Supported by Man Fatt Lam Buddhist Temple, the centre was officially opened on Sunday by East Coast GRC MP Cheryl Chan.

Speaking at the opening ceremony, Ms Chan said that as many patients struggle with transportation issues, it was important to bring the centre closer to their home so they can consistently keep up with their treatments.

“Bringing this dialysis centre closer to their homes means a lot to the individuals and also to the caregivers,” added Ms Chan.

The centre has a covered linkway and drop-off porch between Blocks 102 and 105 to minimise the risk of falls and slips on rainy days.

NKF chairman Arthur Lang said there is a high demand for dialysis across Singapore, especially in the east.

“The last NKF dialysis centre built here was almost 11 years ago in 2012. I’m heartened that the timely set-up of this centre helped to fill the gap and relieve some demand,” he added.

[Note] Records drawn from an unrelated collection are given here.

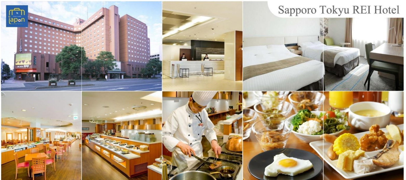
Sapporo Tokyu Rei Hotel

รับประทานอาหารเย็น ณ ภัตตาคาร (7) --- พิเศษ!!! เมนู ชาบู + ชาบู SAPPORO TOKYU REI HOTEL หรือเทียบเท่าระดับเดียวกัน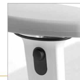
Drukknop voor de hoogte instelling van de draibare armlegger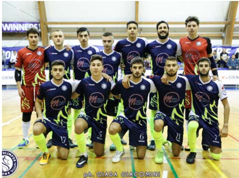
Una delle recenti formazioni dell'Olimpus in A2

La squadra - "Sono contento per i ragazzi, per i mister, perché hanno lavorato duramente facendo la stessa scommessa che stavamo facendo noi, cosa che ha dato a tutti la spinta per poter arrivare dove siamo arrivati". Credere, insomma,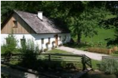
„Lenzau“ in Göstling

Genießen sie Ihre Urlaubstage in unserem neu reno-vierten Ferienhaus für 8 Personen. Heimelige Stube mit Kaminofen, Küche, 3 getrennte Schlafräume, Bad, WC. Stärken Sie sich in unserem eigenen Hausgarten. Beim Blick über unseren Fischteich erleben Sie lebendige Faszination!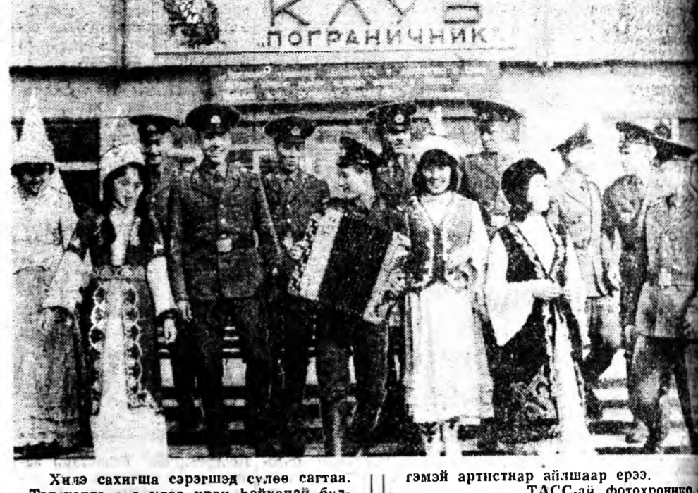
Хилэ сахижа сэрэгшэ сүлөө сагтаа. Тэднэртэ энэ удаа уран байханы бул- гэмэй артистнар айлшаар эрээ.

хэлсэдэг. Республика дотороо мэдээж болсон Хүшгөөрэй, Аллын, Гааргын аршаанууд тухай хэдэн үгэ тогтон хэлэлтэй гэжэ һанагдана. Хүшгөөрэй аршаан газарай хүрхэ хэдэн тээ соолон оодоо сорьёо, секундын туршдаа 10 — 11 литр үнэ гаргадаг юм. Уһанай температура 21-һээ 75 градус хүрэтэр халуун байдаг. Химическэ бүридэл тухайн хэдэхэ боолоо һаа, аршаанай литр уһандаа 29 миллиграмм сероводород бии гэжэ тэмдэглэтэй. Тимэһээл энгэри шабарай эмшлэгийн шайнараһаа нүлөөн тухай онсо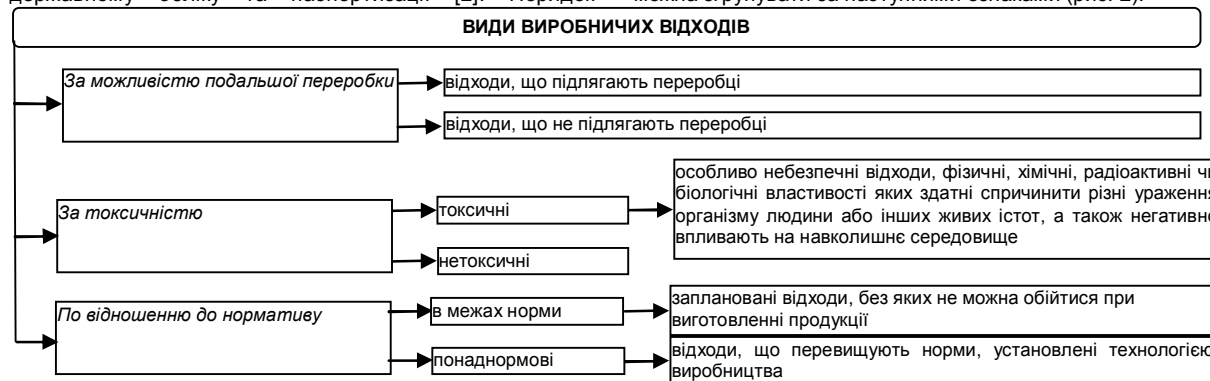
Рис. 2. Класифікація відходів виробництва для цілей бухгалтерського обліку

Відповідно до державного класифікатора, виробничі відходи для цілей відображення в бухгалтерському обліку можна згрупувати за наступними ознаками (рис. 2).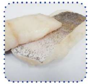
Suprema merluza austral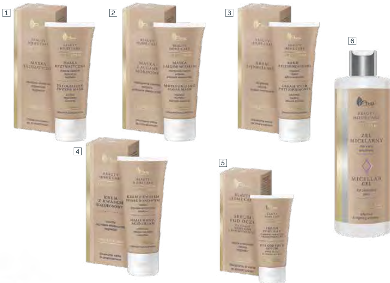
1 MASKA ENZYMATYCZNA 100 ml • indeks 3948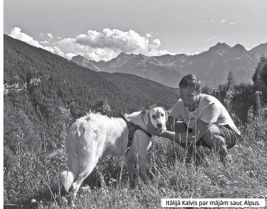
Itālijā Kalvis par mājām sauc Alpus.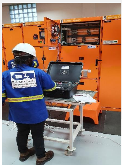
Ensaio elétrico e Comissionamento técnico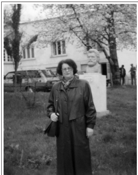
În timpul stagiului la Universitatea „A.I. Cuza” din Iași, 1999

problemă deseori era obiect de discuție la seminarul metodic al catedrei. Acumulând o anumită experiență în organizarea activității independente a studenților, ideile principale în vederea stimulării acestei munci le-a expus într-un articol publicat în ziarul „Învățământul public”, la rubrica „Școala superioară și restructurarea” 7 .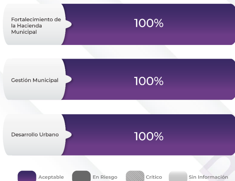
Gráfico 1. Comportamiento de los indicadores de los Pp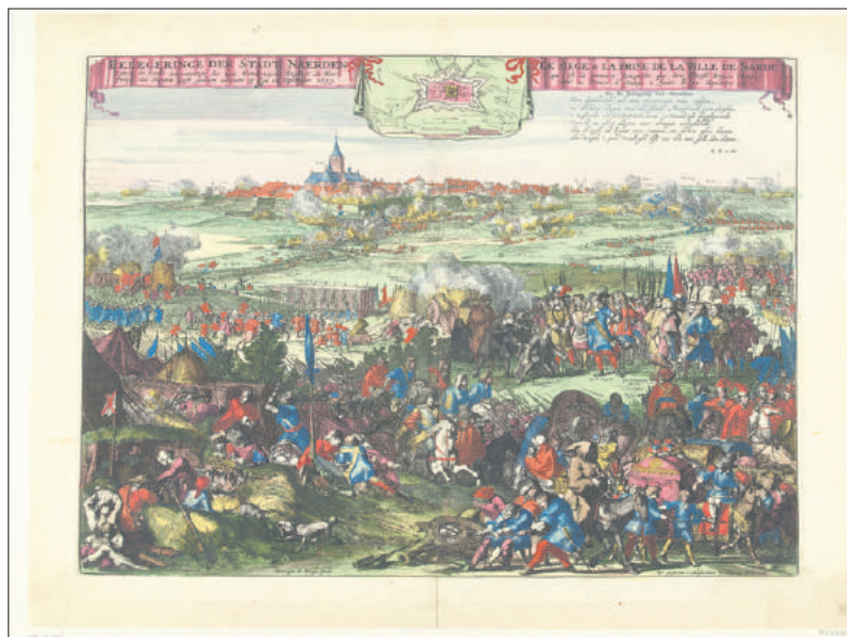
Romeyn de Hooghe, De belegering van Naarden in 1673.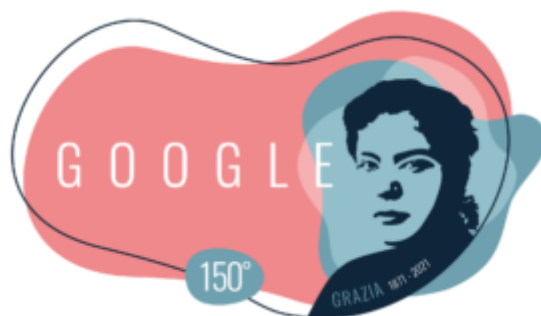
La seconda veste grafica del doodle deleddiano

C'è una Deledda che ancora non si conosce, e che emerge nei suoi scritti meno conosciuti o nella sua storia. Il secondo aspetto sottolinea come i suoi scritti parlano ai giovani di oggi e che hanno tematiche ancora attualissime, perché Grazia Deledda è "una donna dei nostri tempi".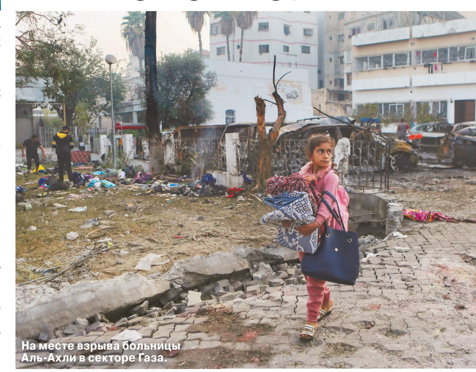
На месте взрыва больницы Аль-Ахли в секторе Газа.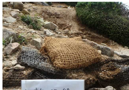
【1班 ヤシ繊維を混ぜた土嚢の設置】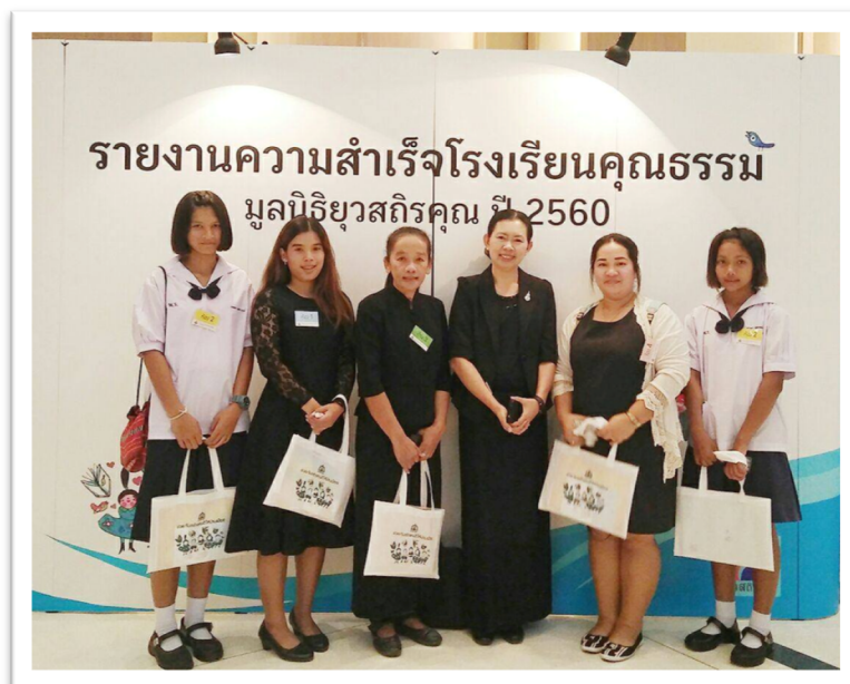
เผยแพร่โรงเรียนคุณธรรม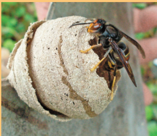
Frelon asiatique sur nid primaire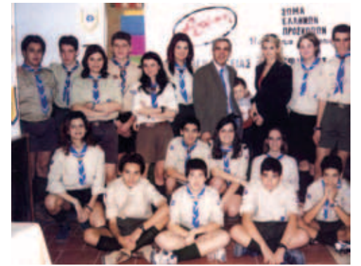
▲ Η Αγάπη κοντά στους προσκόπους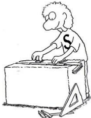
S-Typ Mag Dinge, die klar meßbar sind.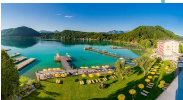
Hotel & Spa Sonne**** am Klopeiner See Autumn Day Spa und Pilates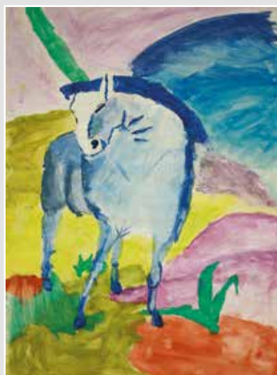
Blaues Pferd von Franz Marc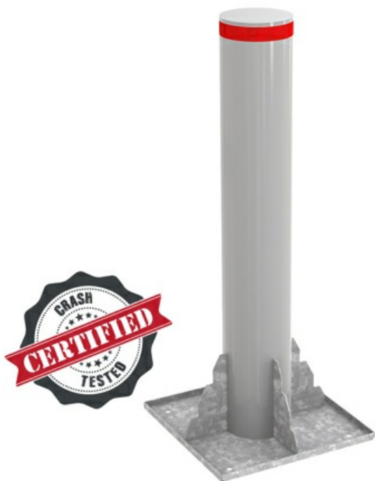
Фото Блокиратор стационарный серии HBD, диаметр 275, высота 1000 мм. SRF K12 CAME HBD-275S100-SRF12

Отправьте запрос на коммерческое предложение и получите индивидуальные цены и сроки поставки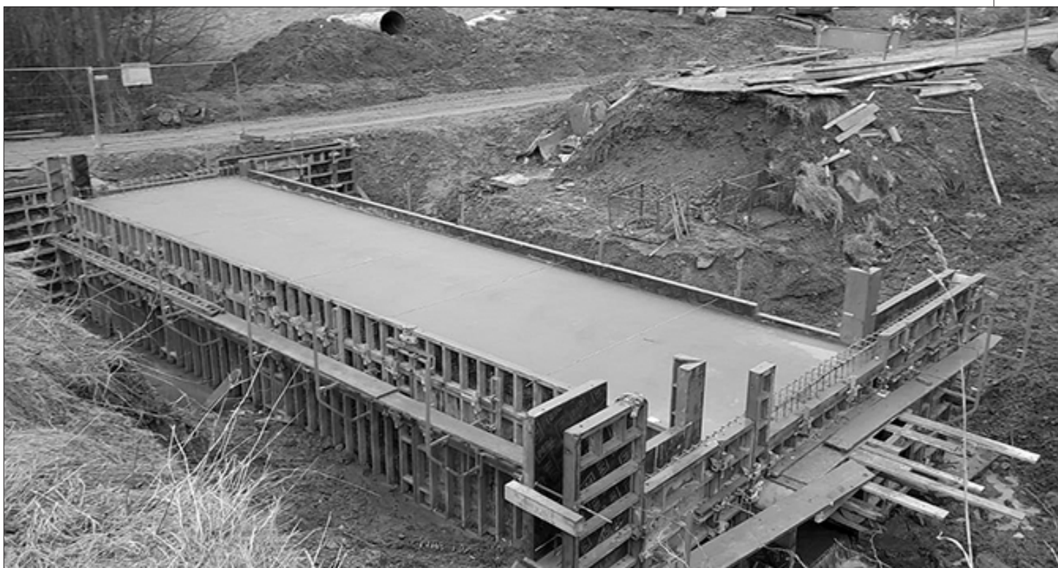
Budowa przepustu Sukówka w Kasinie Wielkiej

Pracownicy Referatu Inwestycji i Zamówień Publicznych Urzędu Gminy Mszana Dolna

NKF operates 41 dialysis centres across Singapore. The opening of the Bedok centre comes amid concerns over a potential “kidney tsunami”, with the number of kidney failure cases here rising at an alarming pace.

About six people are diagnosed every day, a three-fold increase from two decades ago.

More than 300,000 people suffer from chronic kidney disease. But the number could be higher on account of undiagnosed cases, NKF had previously said.

The Bedok centre, which has been operating since the end of 2021, is equipped with 16 dialysis stations to serve up to 96 patients.

NKF said it is currently operating at near full capacity, with 95 patients already on board.

Madam Mao Fook Ching said she takes about 20 minutes to get to the centre by riding her personal mobility device (PMD).

The 57-year-old, who requires dialysis three times a week and receives free treatment, said the new centre has helped relieve her financial burden. The widow, who is currently unemployed, had to previously pay $1,700 a month for private dialysis treatment.

Madam Mao said in Mandarin that her daughter, an ITE student, is working part-time at a Japanese restaurant to help her cope.

Mr Mohamed Hiswady Mohamed Salleh said the centre in Bedok has given him a better quality of life as he is now able to receive adequate treatment for his condition.

“I used to receive treatment at a private dialysis centre and there were limited slots. I could get treatments only on Mondays and Fridays.

“In between those days, I would feel very bloated and breathless, and I couldn’t sleep well at night.

“But now, I can get treatment on Tuesdays, Thursdays and Saturdays. With treatment three times a week, I don’t suffer from those issues any more,” said Mr Hiswady, who is unemployed and also receives free treatment.

On Sunday, the 43-year-old was commended for helping to alert the Singapore Civil Defence Force of a fire that broke out outside the dialysis centre on Nov 15, 2022.

“I had arrived early for my treatment and I saw a PMD that was parked outside the centre had burst into flames. I immediately called 995,” he recalled.

“I was thinking of all the patients receiving treatment inside the centre. Luckily, the nurses managed to evacuate all of them quickly.”

An NKF spokesman said 12 patients were evacuated from the centre that day and the fire was put out in eight minutes.